Print the records below exactly, with no pictures.

DATA PROVIDED
──────────

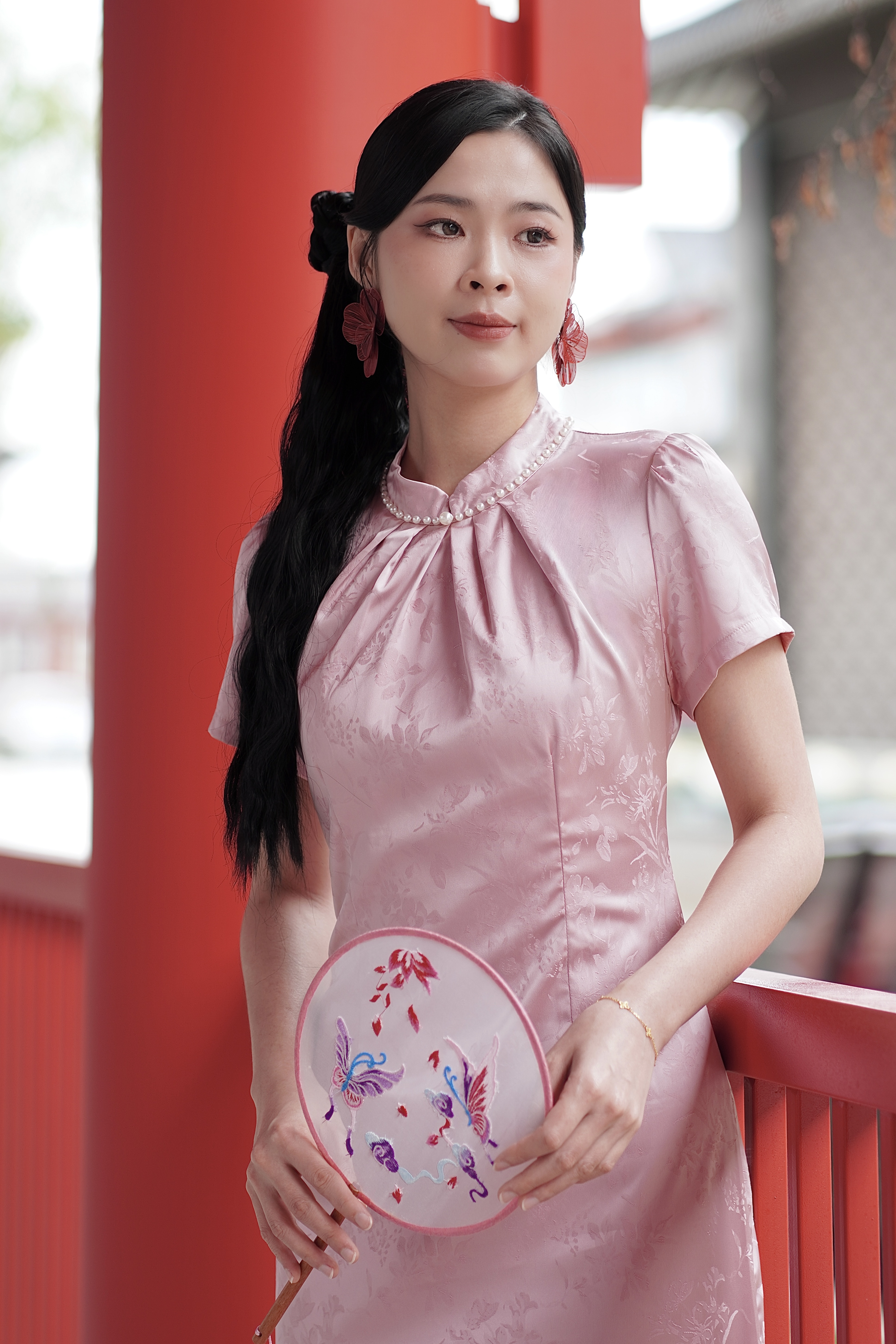 Step into timeless elegance with our Blossom Sheen Mandarin Qipao Dress. Crafted from soft jacquard satin with a subtle floral sheen, this dress brings out the gentle glow of femininity while keeping the classic silhouette of traditional qipao charm.
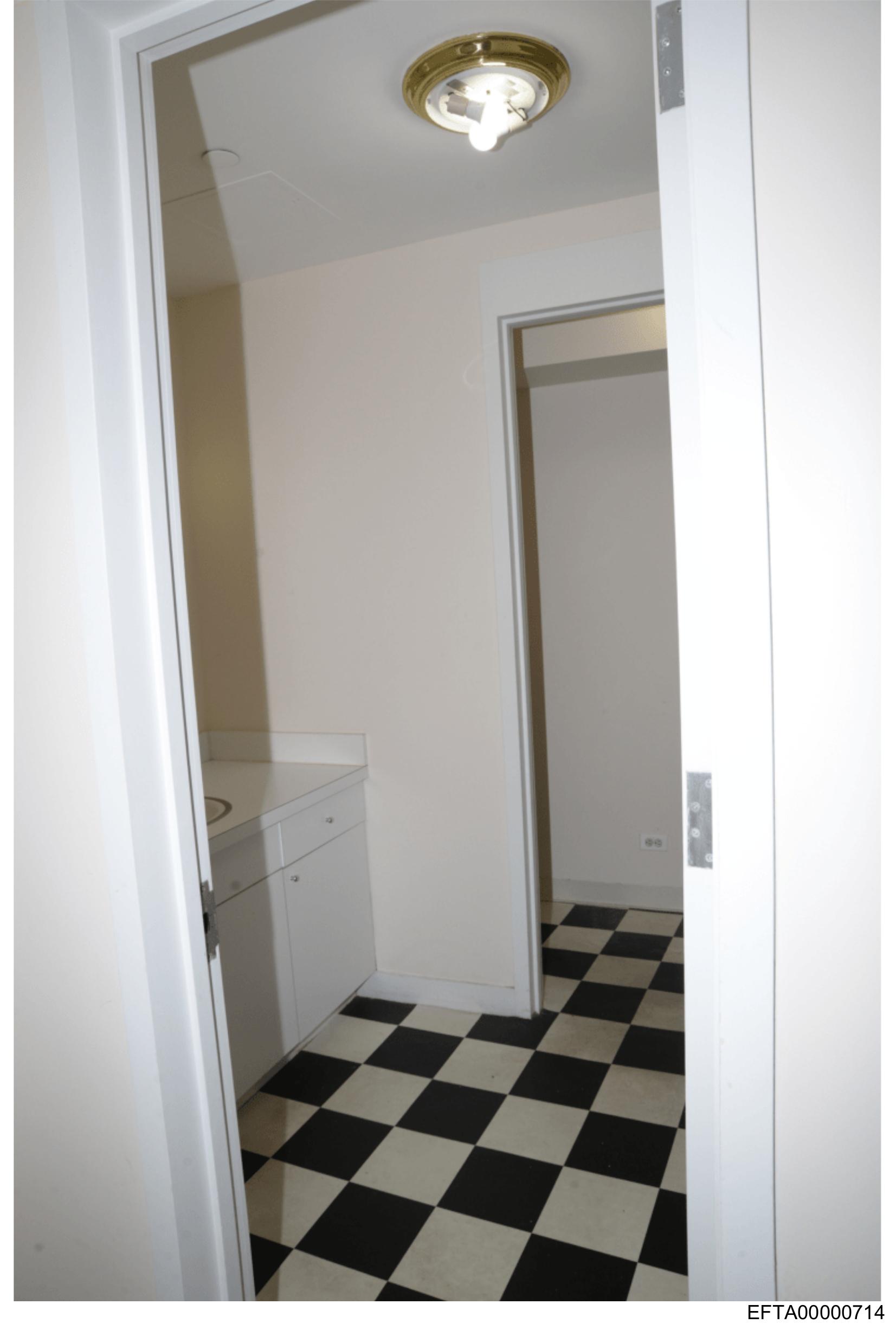 The image shows a small room with black and white checkered flooring that extends to the left wall.
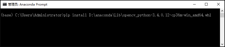 3.安装opencv3在“Anaconda Prompt”内使用语句:pip install 完整路径文件名
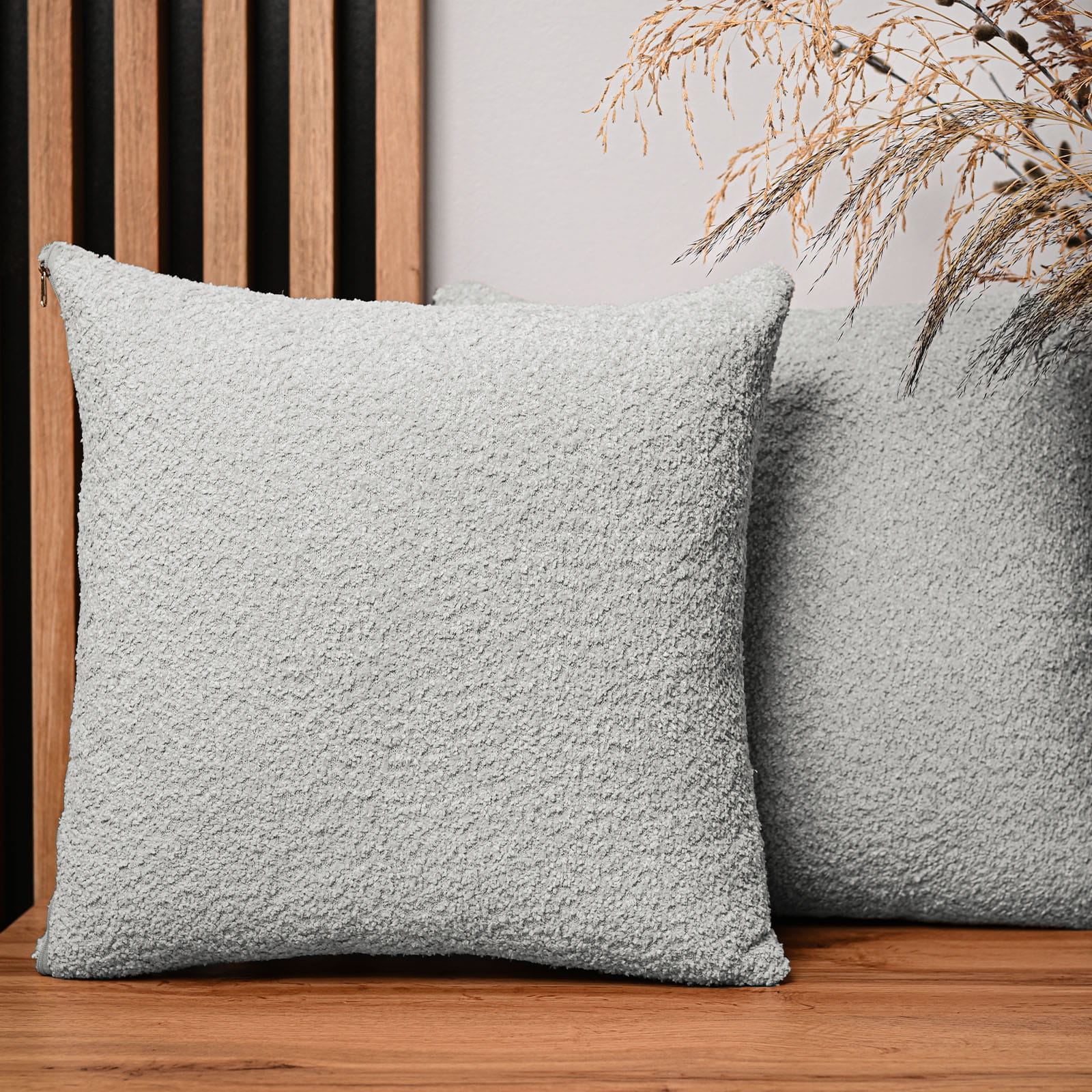 Dekoracyjna poszewka na poduszkę 50x50 cm w kolorze jasnoszarym z tkaniny szenilowej z teksturą
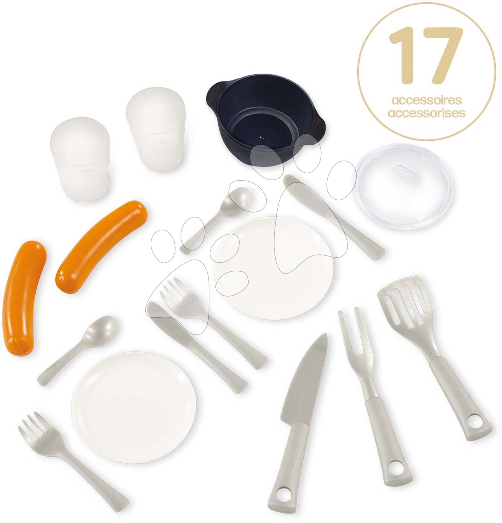 Kuchyňka letní se 17 doplňky Summer Kitchen k domečkům Smoby s varnou deskou a dřez na mytí nádobí s UV filtrem od 24 měsíců
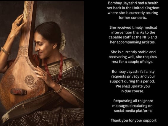 பாம்பே ஜெயஸ்ரீ-க்கு ஓய்வு தேவை என்று மருத்துவர்கள் அறிவுறுத்தியுள்ளதால், அவருக்கும் அவரது குடும்பத்தினருக்கும் தேவையான தனிப்பட்ட நேரத்தை வழங்குமாறும் போஸ்டில் கேட்டுக்கொள்ளப்பட்டுள்ளது. சமூக வலைதளங்களில் பரவி வரும் தகவல்களை நம்ப வேண்டாம் என்றும் ரசிகர்களுக்கு தெரிவிக்கப்பட்டுள்ளது.

──────────

TASK ANSWER
 Step into timeless elegance with our Blossom Sheen Mandarin Qipao Dress. Crafted from soft jacquard satin with a subtle floral sheen, this dress brings out the gentle glow of femininity while keeping the classic silhouette of traditional qipao charm.
 The image shows a small room with black and white checkered flooring that extends to the left wall.
 3.安装opencv3在“Anaconda Prompt”内使用语句:pip install 完整路径文件名
 Dekoracyjna poszewka na poduszkę 50x50 cm w kolorze jasnoszarym z tkaniny szenilowej z teksturą
 Kuchyňka letní se 17 doplňky Summer Kitchen k domečkům Smoby s varnou deskou a dřez na mytí nádobí s UV filtrem od 24 měsíců
 பாம்பே ஜெயஸ்ரீ-க்கு ஓய்வு தேவை என்று மருத்துவர்கள் அறிவுறுத்தியுள்ளதால், அவருக்கும் அவரது குடும்பத்தினருக்கும் தேவையான தனிப்பட்ட நேரத்தை வழங்குமாறும் போஸ்டில் கேட்டுக்கொள்ளப்பட்டுள்ளது. சமூக வலைதளங்களில் பரவி வரும் தகவல்களை நம்ப வேண்டாம் என்றும் ரசிகர்களுக்கு தெரிவிக்கப்பட்டுள்ளது.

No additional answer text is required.